■ **PROBLEM REQUIREMENTS**: Word for word and without images, reproduce the listing that follows.

■ **DATA EXCERPT**:
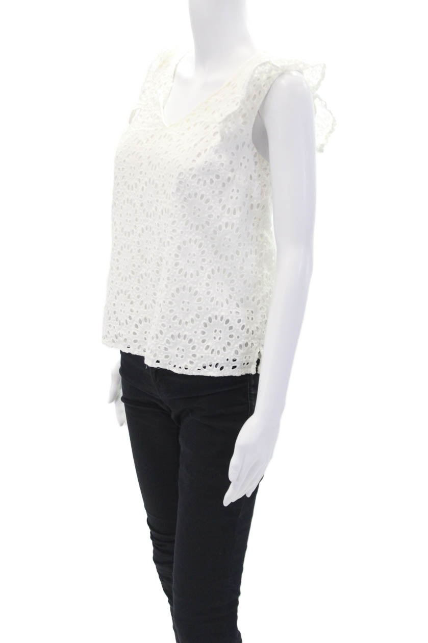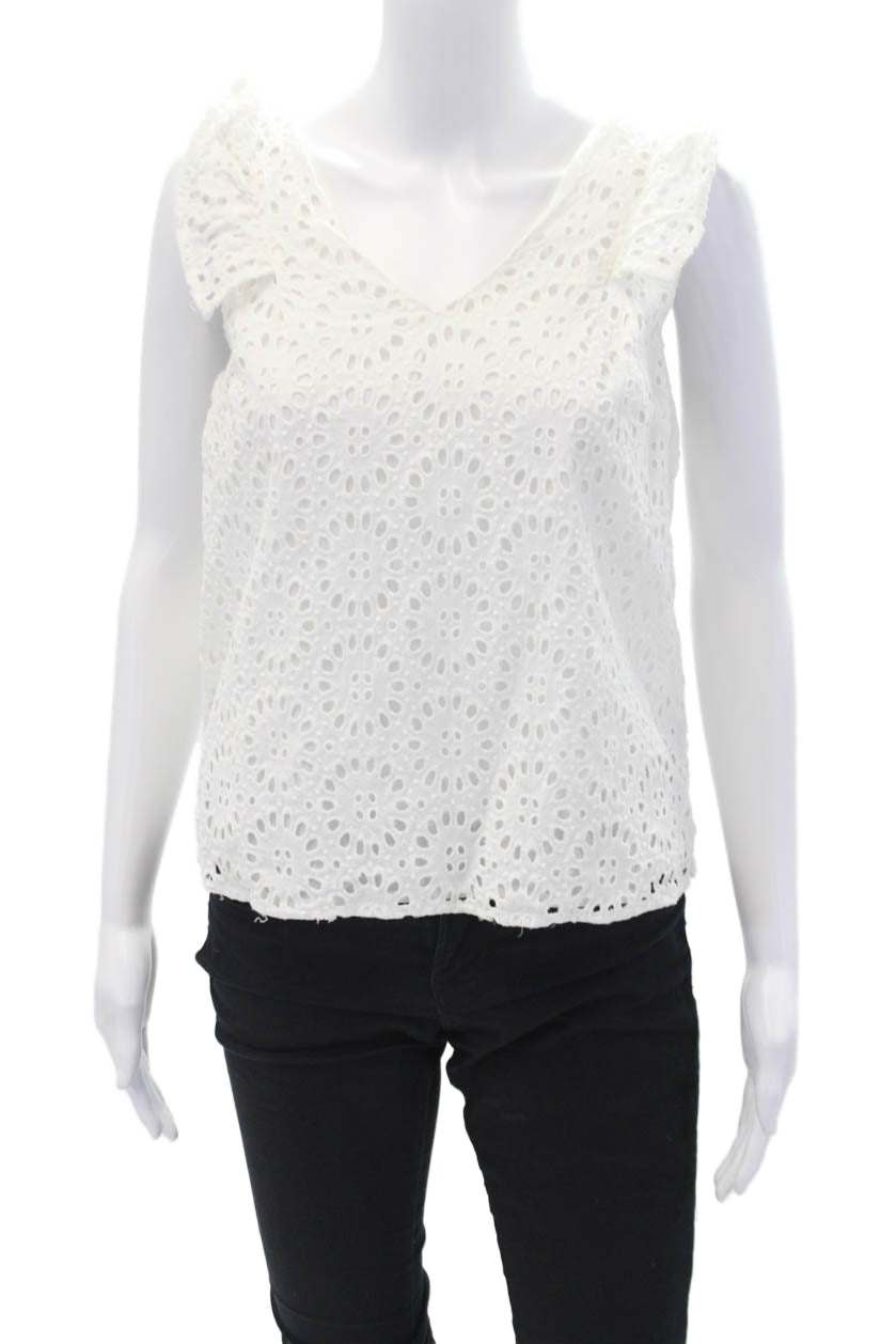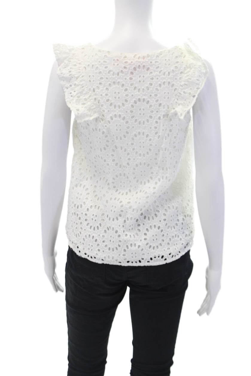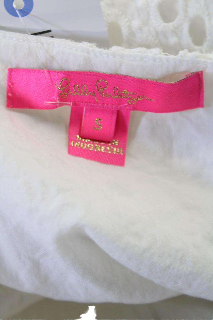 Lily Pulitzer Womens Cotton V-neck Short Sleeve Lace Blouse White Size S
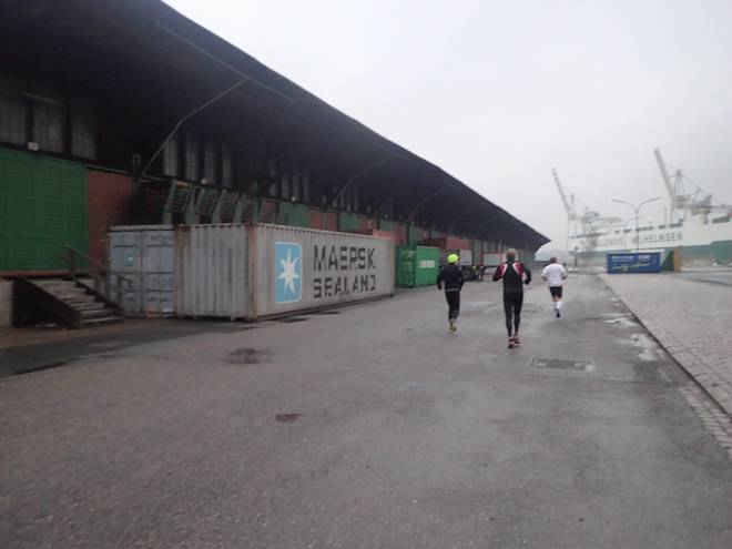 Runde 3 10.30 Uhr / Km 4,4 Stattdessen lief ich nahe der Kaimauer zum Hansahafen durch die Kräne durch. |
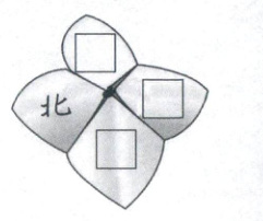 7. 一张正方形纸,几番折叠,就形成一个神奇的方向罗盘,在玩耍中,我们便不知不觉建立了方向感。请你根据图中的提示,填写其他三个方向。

■ **WORKED SOLUTION**:
 Lily Pulitzer Womens Cotton V-neck Short Sleeve Lace Blouse White Size S
 Runde 3 10.30 Uhr / Km 4,4 Stattdessen lief ich nahe der Kaimauer zum Hansahafen durch die Kräne durch. |
 7. 一张正方形纸,几番折叠,就形成一个神奇的方向罗盘,在玩耍中,我们便不知不觉建立了方向感。请你根据图中的提示,填写其他三个方向。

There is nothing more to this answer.